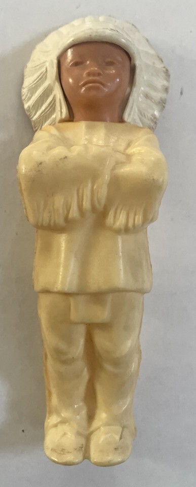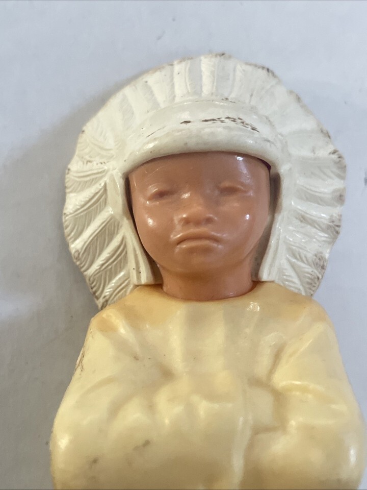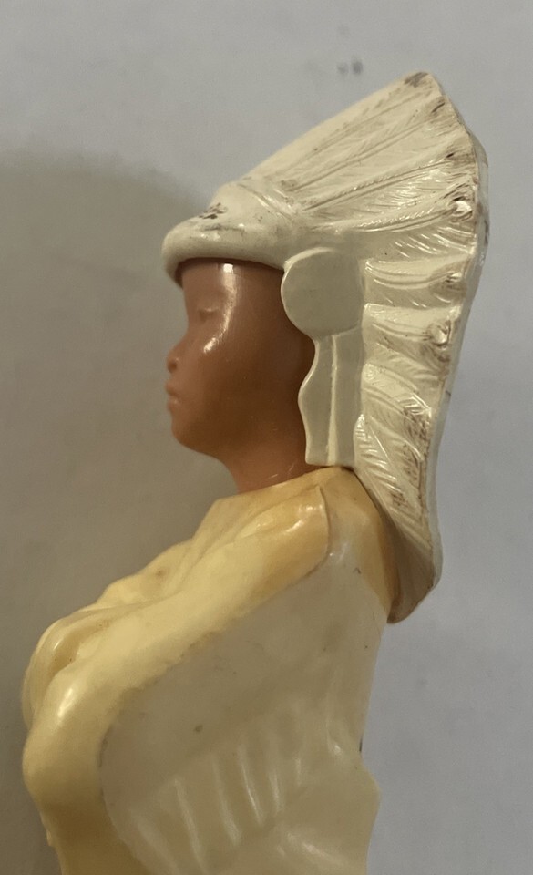 VINTAGE 1950s HARD PLASTIC CELLULOID Native American INDIAN CHIEF FIGURINE 5.5”
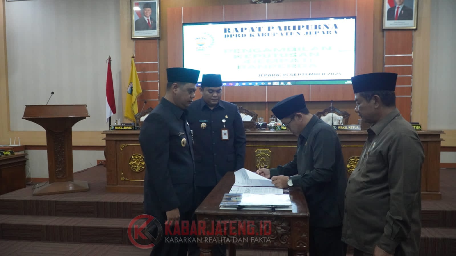 JEPARA, Kabarjateng.id – Dewan Perwakilan Rakyat Daerah (DPRD) Kabupaten Jepara bersama Pemerintah Kabupaten (Pemkab) Jepara resmi menyetujui dan mengesahkan empat Rancangan Peraturan Daerah (Ranperda) dalam Rapat Paripurna yang digelar di Gedung Shima, Senin (15/9/2025).
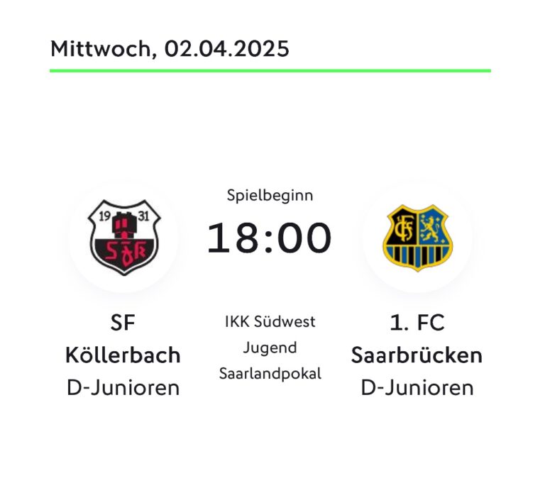 Donnerstag, 11. September 2025 E-Jugend SF Köllerbach 1 – SV Röchling Völklingen 1. Anstoß: 17:30 Uhr Samstag,...
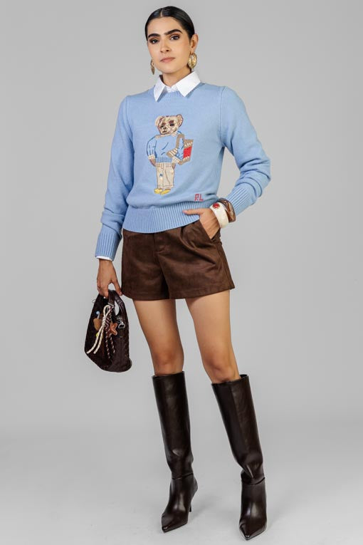 Short gamuza con pretina lisa, cierre y botón al frente, bolsas laterales, corte bajo recto
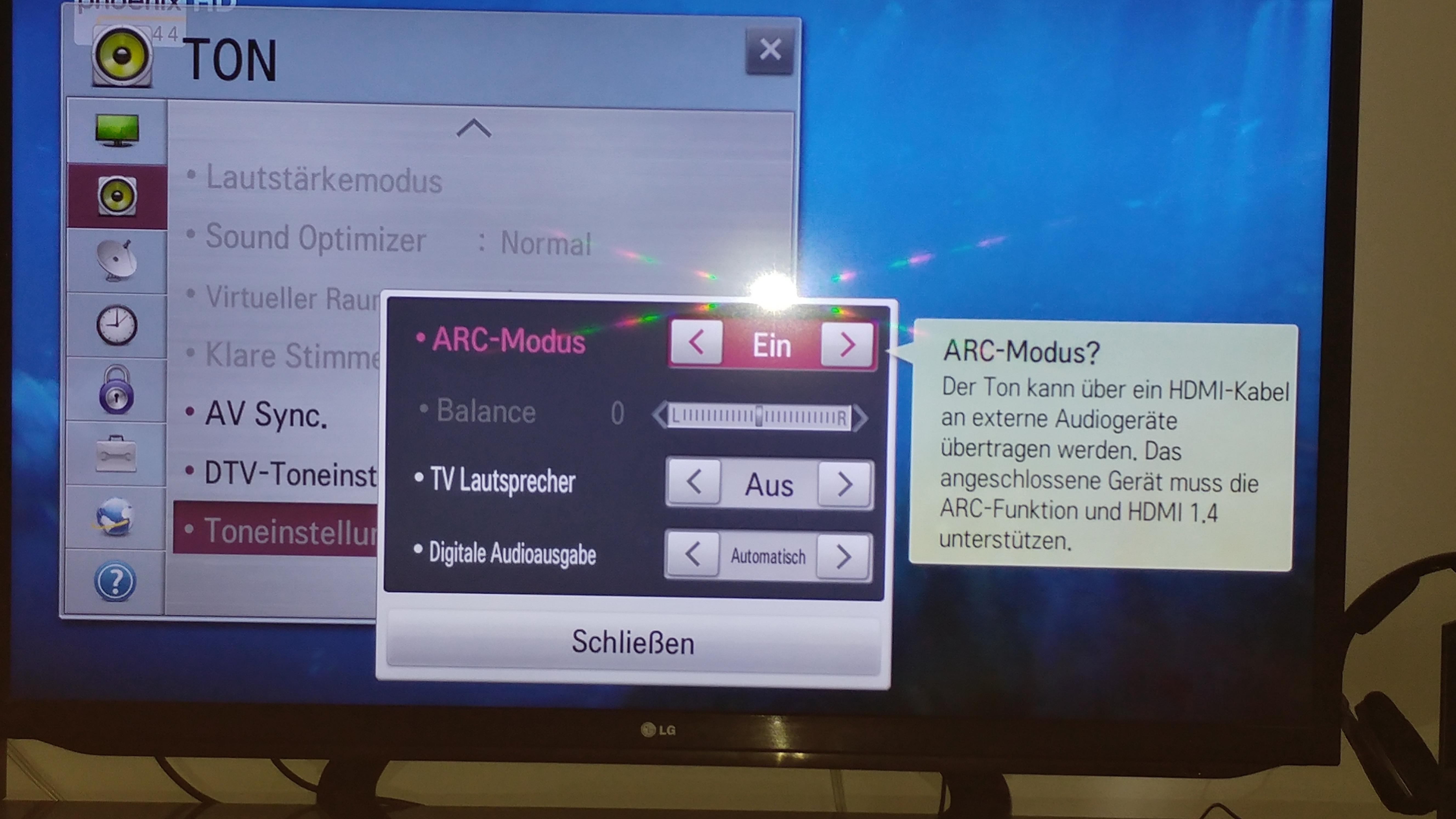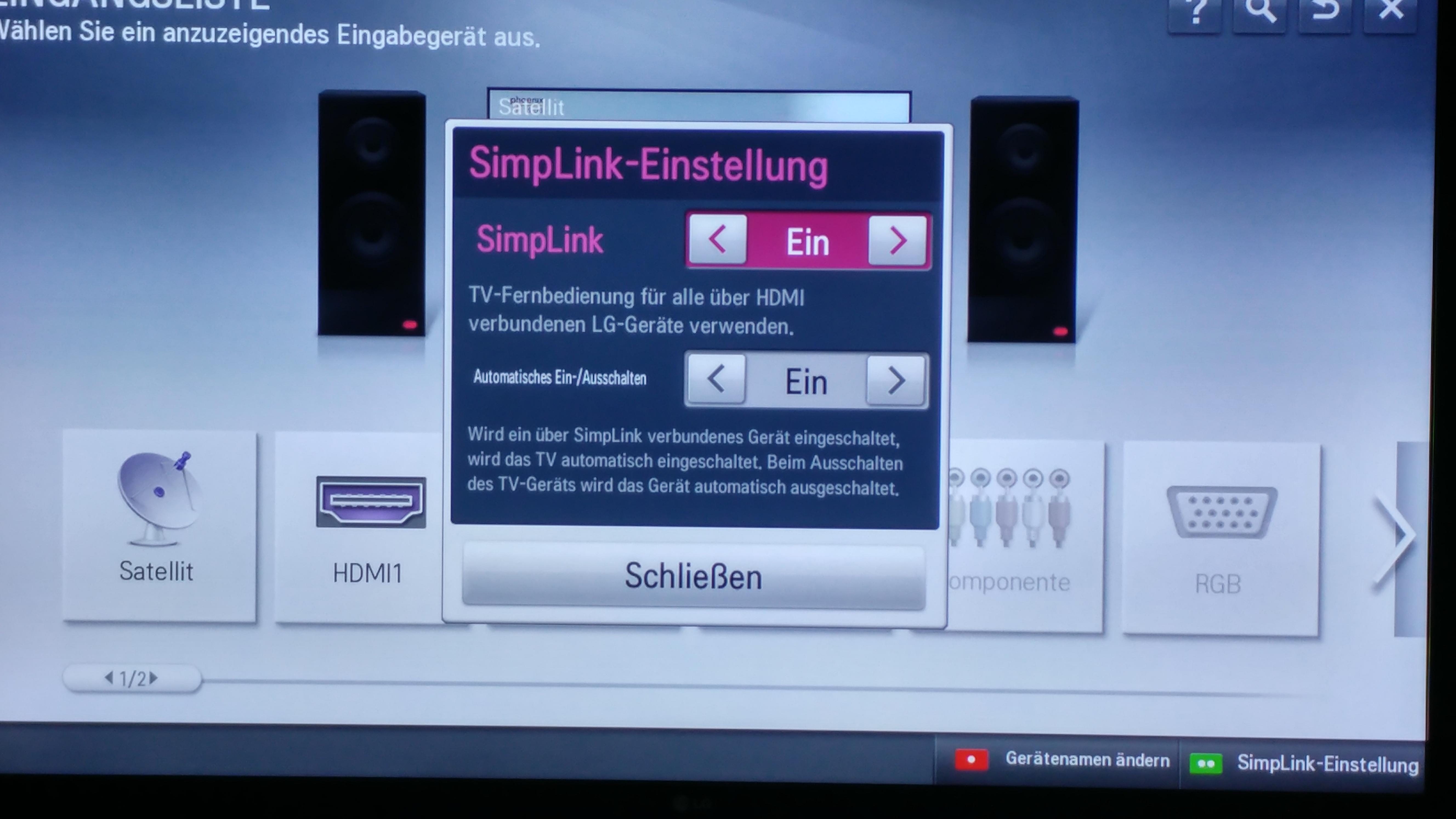 TV: Simplink aktiviert, Hdmi-Steuerung aktiviert, Tv Lautsprecher aus, Soundausgabe: extern (optisch/hdmi)
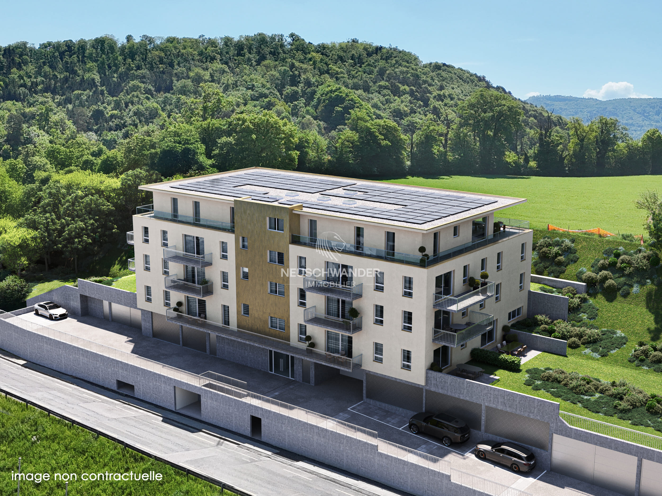 - Inclus dans le prix : la place de parc intérieure et la cave (CHF 25'000.- + CHF 15'000.-)
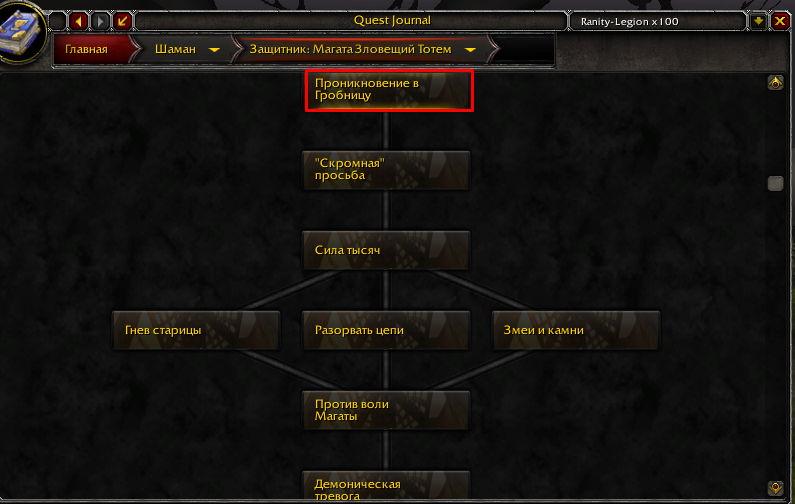 Я скачал аддон и он ничего нового мне не показал. Получается у меня выполнена первая глава, а для выполнения второй главы необходимо достижение "Проникновение в Гробницу" для получения которого нужно задание "Защитники Армии погибели Легиона", которое у меня не появляется. По аддону я ничего не пропустил. |
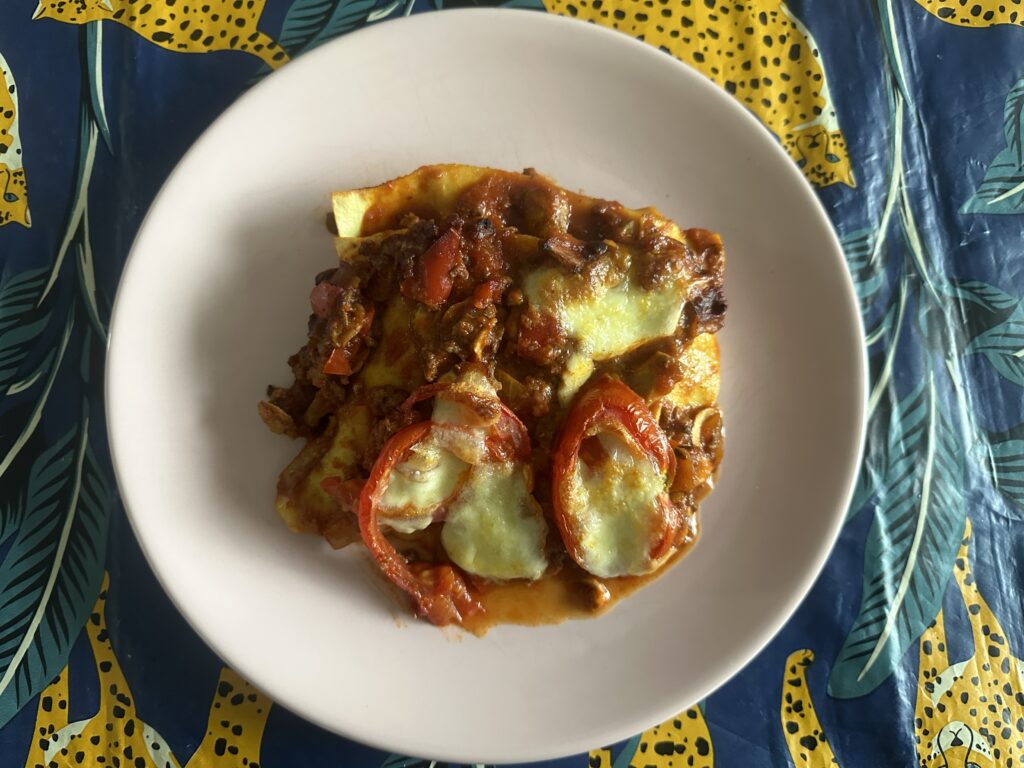 Vandaag eten we lasagne. De saus heeft de hele dag in de slowcooker geprutteld, waardoor het nog lekkerder wordt. En de lasagne is stevig genoeg om mijn stukje in zijn geheel op mijn bord te schuiven. Dat is wel een life goal hoor.
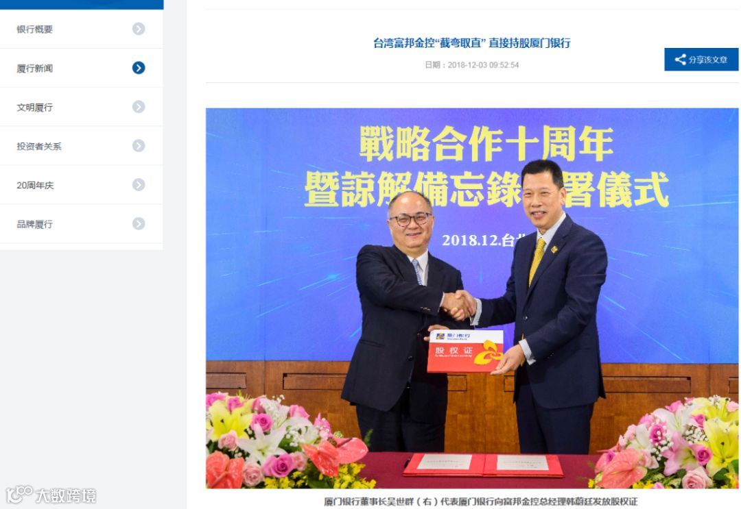 12月3日,厦门银行官网披露,台湾富邦金控首次以直接股东的身份入股厦门银行,并与厦门银行在中国台北签署战略合作备忘录。
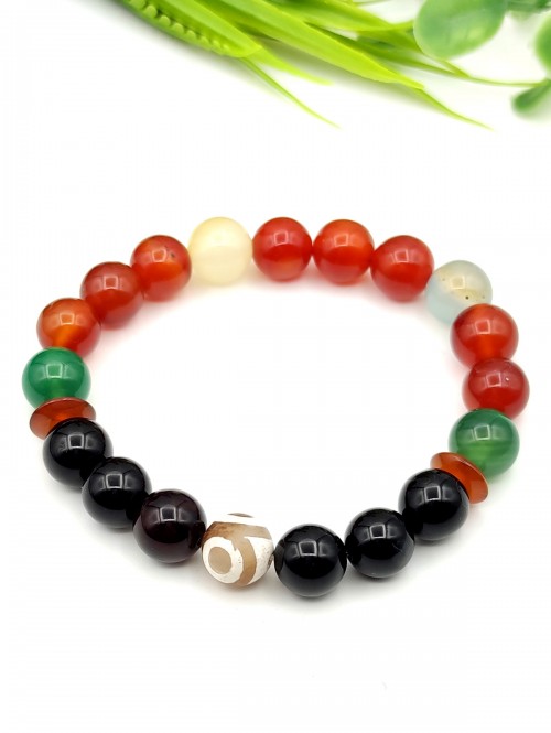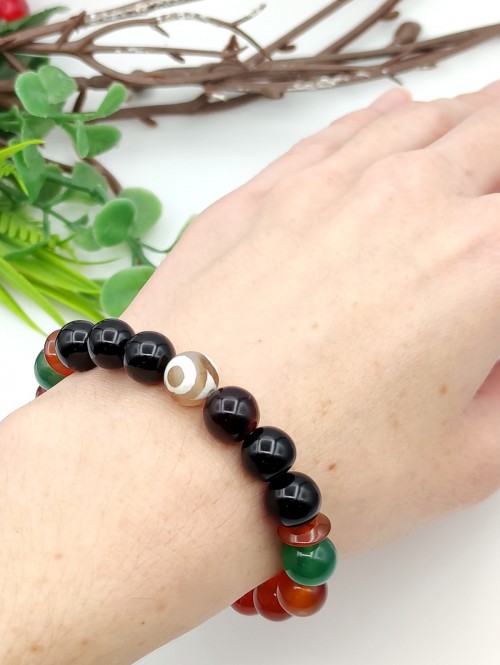 Браслет из агата, оникса и сердолика с тибетской бусиной Дзи
###
Exercise: All the data above is to be transcribed exactly, with no pictures included.

Exercise response:
 VINTAGE 1950s HARD PLASTIC CELLULOID Native American INDIAN CHIEF FIGURINE 5.5”
 JEPARA, Kabarjateng.id – Dewan Perwakilan Rakyat Daerah (DPRD) Kabupaten Jepara bersama Pemerintah Kabupaten (Pemkab) Jepara resmi menyetujui dan mengesahkan empat Rancangan Peraturan Daerah (Ranperda) dalam Rapat Paripurna yang digelar di Gedung Shima, Senin (15/9/2025).
 Donnerstag, 11. September 2025 E-Jugend SF Köllerbach 1 – SV Röchling Völklingen 1. Anstoß: 17:30 Uhr Samstag,...
 Short gamuza con pretina lisa, cierre y botón al frente, bolsas laterales, corte bajo recto
 TV: Simplink aktiviert, Hdmi-Steuerung aktiviert, Tv Lautsprecher aus, Soundausgabe: extern (optisch/hdmi)
 - Inclus dans le prix : la place de parc intérieure et la cave (CHF 25'000.- + CHF 15'000.-)
 Я скачал аддон и он ничего нового мне не показал. Получается у меня выполнена первая глава, а для выполнения второй главы необходимо достижение "Проникновение в Гробницу" для получения которого нужно задание "Защитники Армии погибели Легиона", которое у меня не появляется. По аддону я ничего не пропустил. |
 Vandaag eten we lasagne. De saus heeft de hele dag in de slowcooker geprutteld, waardoor het nog lekkerder wordt. En de lasagne is stevig genoeg om mijn stukje in zijn geheel op mijn bord te schuiven. Dat is wel een life goal hoor.
 12月3日,厦门银行官网披露,台湾富邦金控首次以直接股东的身份入股厦门银行,并与厦门银行在中国台北签署战略合作备忘录。
 Браслет из агата, оникса и сердолика с тибетской бусиной Дзи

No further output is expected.